If we are to take up our own cross, we will do so because of our desire to come after our Lord. But to deny ourselves and to follow where He leads us requires a yet greater commitment. We must become disciples. It’s a wonderful word, disciple! From its root comes the word “discipline”. Discipline is the condition of a disciple. A disciple is obedient to his or her Master, and is committed to learning, absorbing all that the Master teaches.
Being a disciple carries a cost. For the disciple it means a gradual overcoming of all that is “self” so that self is displaced, lost, replaced by that which is Greater than self so that a ‘new life’ is embedded within the disciple. Being a dedicated disciple begins with silence and listening. While these are required, they are not enough, for if we listen with the greatest interest, without every putting into action what we’ve learned, we’ll listen but we’ll hear nothing any more. This was the condition of the Pharisees, whose ears perceived all the same words that the Lord’s disciples heard, but the ears of the Pharisees could not hear. Metropolitan Anthony teaches, “God does not speak to our mind or to our heart if He does not receive allegiance and obedience from us. God speaks once, and perhaps twice, and then He withdraws sadly until we are hungry for Him, hungry for the truth.”
What does it mean to take up our cross? It means that we are willing to accept the medicine dispensed by God to heal our infirmities, our spiritual illnesses, regardless of that medicine’s bitterness. Abraham accepted God’s command to sacrifice his only son Isaac. Noah accepted God’s command to build a ship in the middle of nowhere near an ocean and to stock it with animals. Job accepted the loss of his children, his wealth, his health, and even his friends.
In short, God will not ask of any of us anything that He has not asked others to endure before us. When the Lord instructs us to take up our cross, He is asking us to crucify “the old man” within us, the one who holds onto evil habits, or to cleave to the ‘things’ of this world. He asks us as a disciple to put that old person to death, so that He, God, can recreate us in a new image.

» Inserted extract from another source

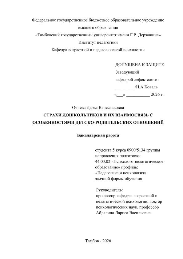 ОЧНЕВА, ДАРЬЯ ВЯЧЕСЛАВОВНА. СТРАХИ ДОШКОЛЬНИКОВ И ИХ ВЗАИМОСВЯЗЬ С ОСОБЕННОСТЯМИ ДЕТСКО-РОДИТЕЛЬСКИХ ОТНОШЕНИЙ [Электронный ресурс]: бакалаврская работа: 44.03.02 Психолого-педагогическое образование: Педагогика и психология: Заочная форма обучения / Д. В. ОЧНЕВА; ТГУ им. Г. Р. Державина ; науч. рук. д. п. н., профессор, Л. В. Абдалина. — Электрон. текстовые дан. (1 файл). — Тамбов, 2026. — Загл. с титул. экрана. — <URL:https://elibrary.tsutmb.ru/dl/docs/vkr18784.pdf>.
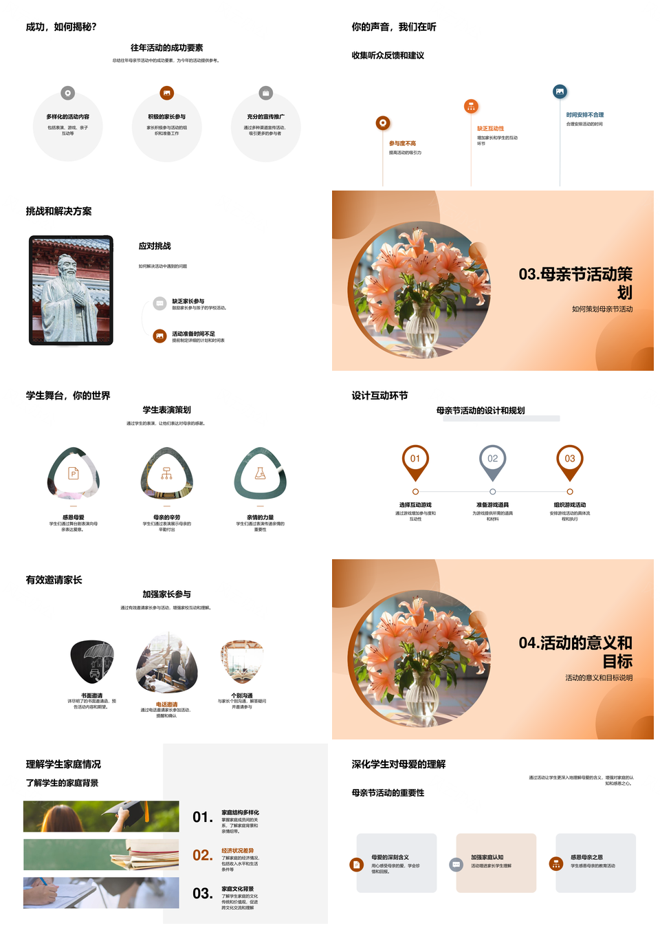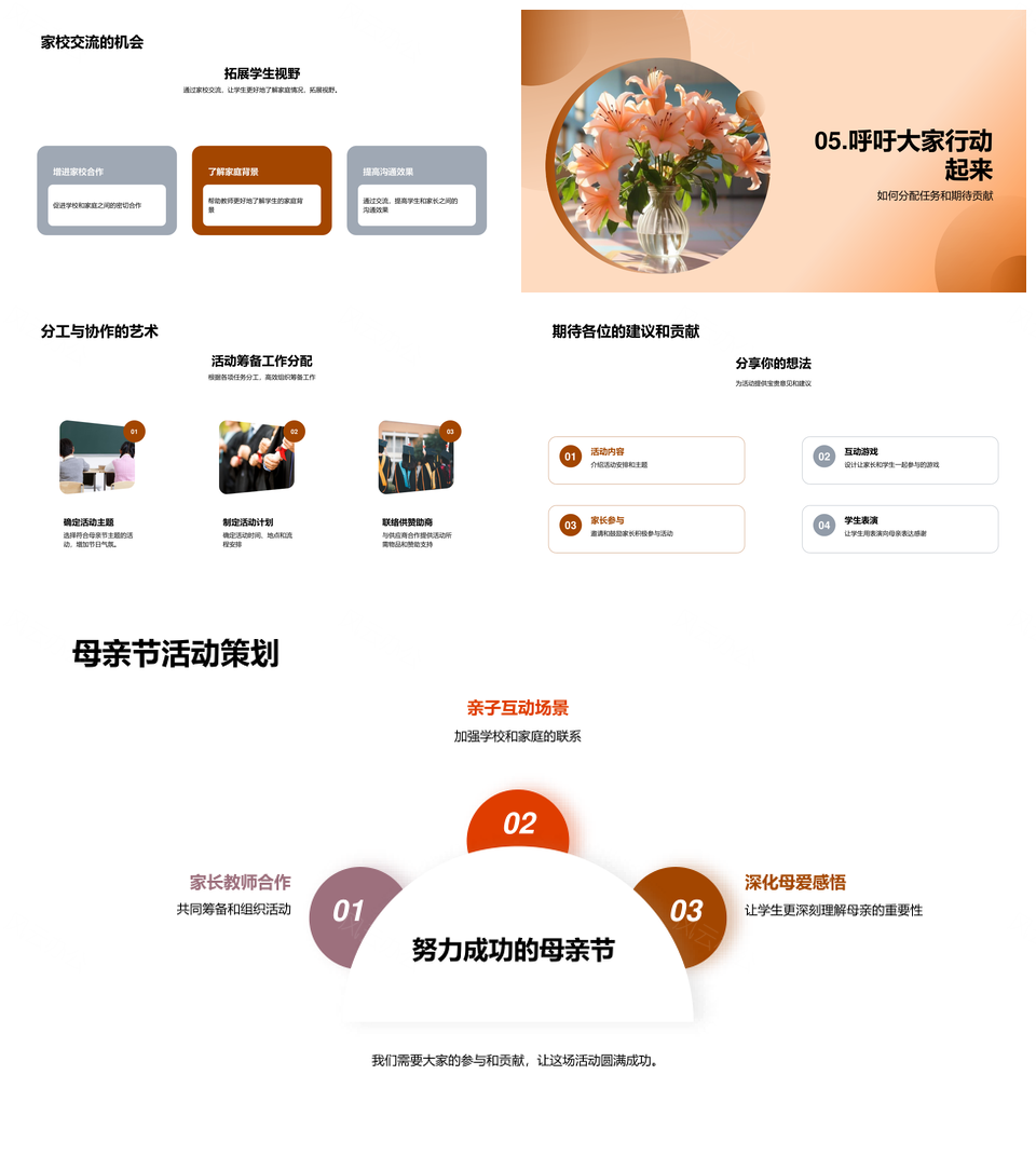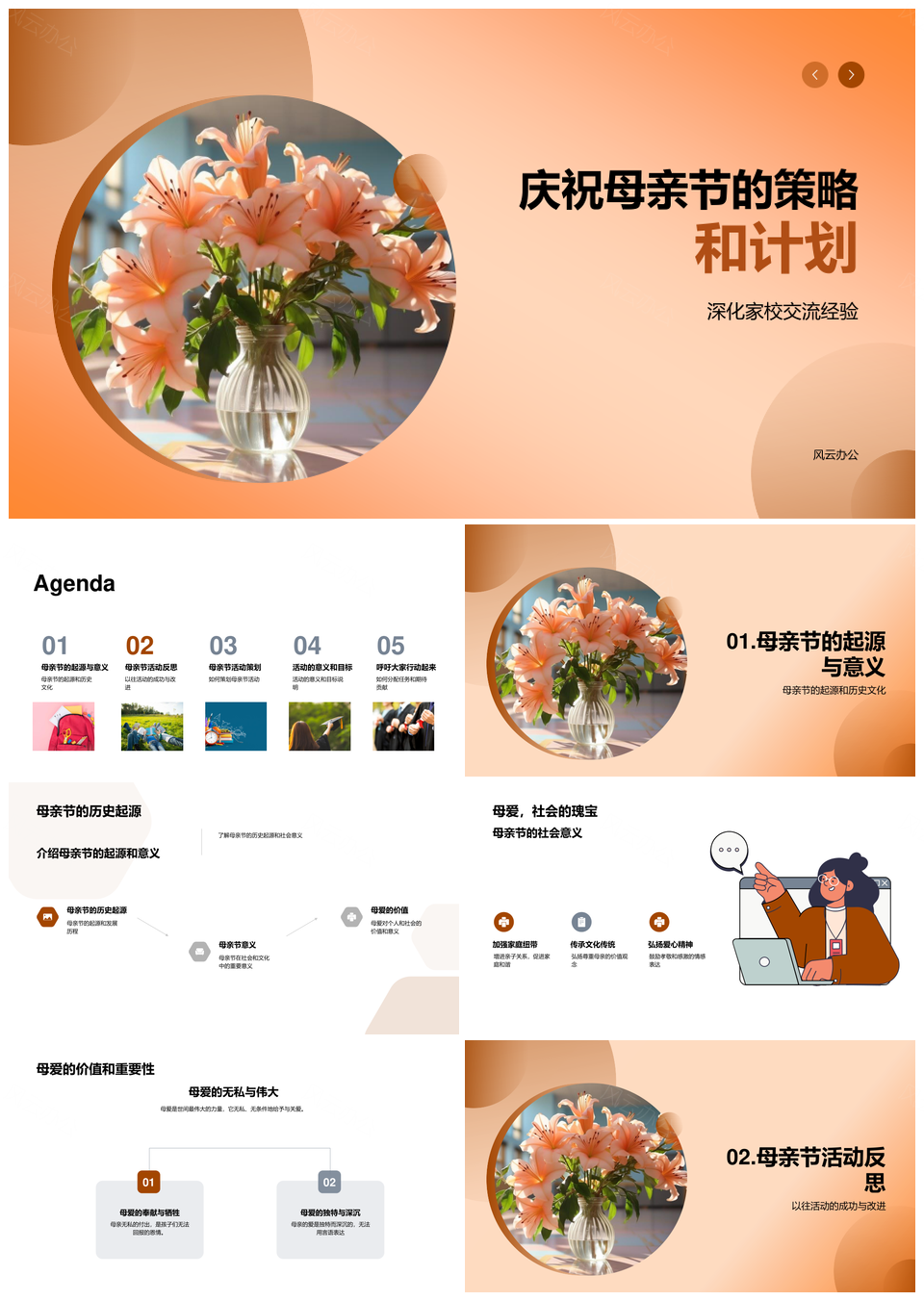 这是一张家校母亲节活动策划会议家长互动游戏花束PPT模板,包含家校、母亲节、活动策划、会议、家长、互动游戏、花束等主题内容,也可用作家校母亲节活动策划、母亲节活动策划会议、活动策划会议家长、策划会议家长互动游戏、会议家长互动游戏花束、家校母亲节活动、母亲节活动策划、活动策划会议、策划会议家长、会议家长互动游戏、家长互动游戏花束、家校母亲节策划会议、母亲节策划会议家长、活动策划家长互动游戏、策划会议互动游戏花束等PPT场景使用。 风云办公提供的家校母亲节活动策划会议家长互动游戏花束PPT模板,下载格式为pptx,一共23页,作品中文字及图均可以修改和编辑,图片更改请在作品中右键图片并更换,文字修改请直接点击文字进行修改。

St. Nikolai Velimirovich teaches it this way. “The Lord did not come to reform the world, but to re-make it, to bring it to newness of life. He is not a reformer. He is the Creator. He is not a ‘patcher’ but a weaver. Anyone wanting to preserve an old, worm-riddled tree will lose it. He can do all he can in an external way for the tree – water it, fence it around and nurture it – but the worm will eat it away within and it will rot away and fall….. He who tries to preserve his old Adam-like soul, eaten away and rotted by sin, will lose it… Whoever loses his old soul will save his new soul.”
Through the power of the Life-giving Cross or our Lord, may we be moved to lose the old so that the new may find salvation!